# So I got A sheep. PIC ADDED!!!



## MindyLee (Oct 6, 2013)

So I brought home A lil male sheep the other day from a farrier client. She had about a doz in a stall that she wasnt sure what to do with cause they all where really and I mean really tiny in size. She said they where too tiny to pay to butcher and too tiny to breed. Said they where muntants. I fell in love with one and she said take it! And how glad she was that I wanted one as a pet.

SOOOOOO

I now own a tiny 14.5" 23lb black face Scottish sheep who was bottle fed and is super cute and friendly. He is this springs baby and I just love him. Not sure why hes called a black face as its white with lil black spots and a pink nose. He has tiny pencel legs with black spots too and white fleece. However NO fleece on his head or legs. My hubby named him Serta like the mattress sheep. This lil guy just loves my 30" lil mare Zarie and fits right under her belly.

Sorry for no pics as they are on my phone only BUT I did have a question if anyone out there can answer it...

Is he too old to be banded? He was born this spring so I believe he is approx 6-8 months old.

Thanks!!!


----------



## REO (Oct 7, 2013)

I don't know if he's too old to be banded. But I'm dying to see photos of him!!!




He sounds SO cute!!


----------



## Shari (Oct 7, 2013)

Yes, yes, please do band him. Pet Rams, no matter how small are just out and out dangerous.

And no he is not too old.

With sheep... make sure they are both down and stay down before closing the band. Sheep, specially small ones, can hid those things like no other.

With mine... DH held them, closing his eye and cringing.. .. and I would milk the testis down, band and before I let go, make sure they were still down and then quickly remove the banding tool.

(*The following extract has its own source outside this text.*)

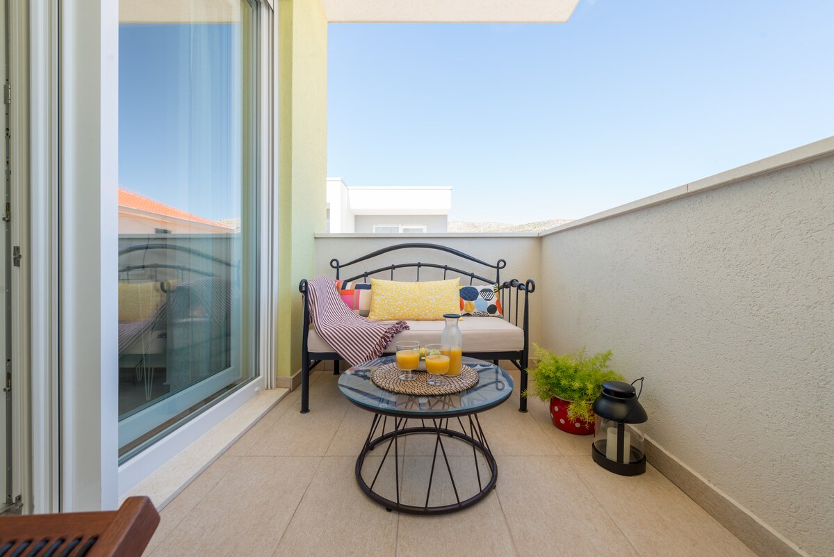Cozy studio with a stunning sea view with shared terrace. Located by the beach, just 2 km from Trogir, this small but fully equipped studio is a great base for your vacation in central Dalmatia. A beautiful pebble beach is right across the street — just a few steps away. The terrace is shared between two studios, with a designated area in front of each for private use. Please note that during peak season, street parking can be difficult to find, even further from the house.

Would do it as close as the body as possible, but at the same time, not getting the tiny false teets, caught in the band. Only some rams have them.
Make sure he has his CD&T shot.

That way you will have a calm safe pet wether.


----------



## Helicopter (Oct 7, 2013)

Don't care what people say I reckon sheep are really smart.

I have a crossbred who is about 5 years old. Had her since she was 5 days old. Her name is Lamington. She is so lovely. Thinks she is a horse. She hangs mostly with the old Arabian and the old girl lets her do anything.

A few days ago I was given another poddy lamb who, of course, thinks I am mamma. Think I'll call her Tiddles.

Your little fellow is so tiny. He's lucky to have found you.


----------



## Marty (Oct 7, 2013)

I like sheep but I wondered what the heck I'd do with one! i don't knit and I don't think they give milk......











So I guess they are nice pets?

Congratulations on your little sheepy!


----------



## MindyLee (Oct 7, 2013)

UPDATE!

Serta was banded tonight and oh boy do I feel soooo bad for him. I know hes in a great deal of pain and I feel so bad for him BUT know this needs to happen. I keep telling him (tho he dont understand) That this is for his own good and a few days of pain is worth not freaking about girls he will never get the rest of his life. A friend of mine did his banding as she used to raise/breed/show these types of sheep. She fell in love too and could'nt get over how tiny he was at his age. She did a look over for me and said besides being under weight he has wonderful conformation for his size and nice wool. She too agreed that banding him was a great ideal as he will be happier when he is older.

So Serta is in a stall where he can deal with his pain in peace and away from the mini horses. That way I can monitor him closly for any issues that could happen. He is up to date on his CDT and worming and will be getting a booster in 2 weeks. I will also be getting him some DQ feed and feeding him some green quality grassy hay to help with his new diet for weight gain.

I will try and get some pics tomorrow with the camera and share some pics as he is too cute for words!


----------



## Shari (Oct 8, 2013)

They have a little pain at first,,,, but it numbs up pretty fast. Some lambs don't notice and others, tend to have dramas.

Sure your friend with sheep has talked to you about the copper issue?

Sheep are a lot of fun Marty, most are, super smart.

I halter train all mine.

Some make great pets. Have a little brown Finn ewe lamb that I ended up with... she haltered train out very fast, loves people and attention.
Thinking of shearing her soon, so I can handspin her fleece.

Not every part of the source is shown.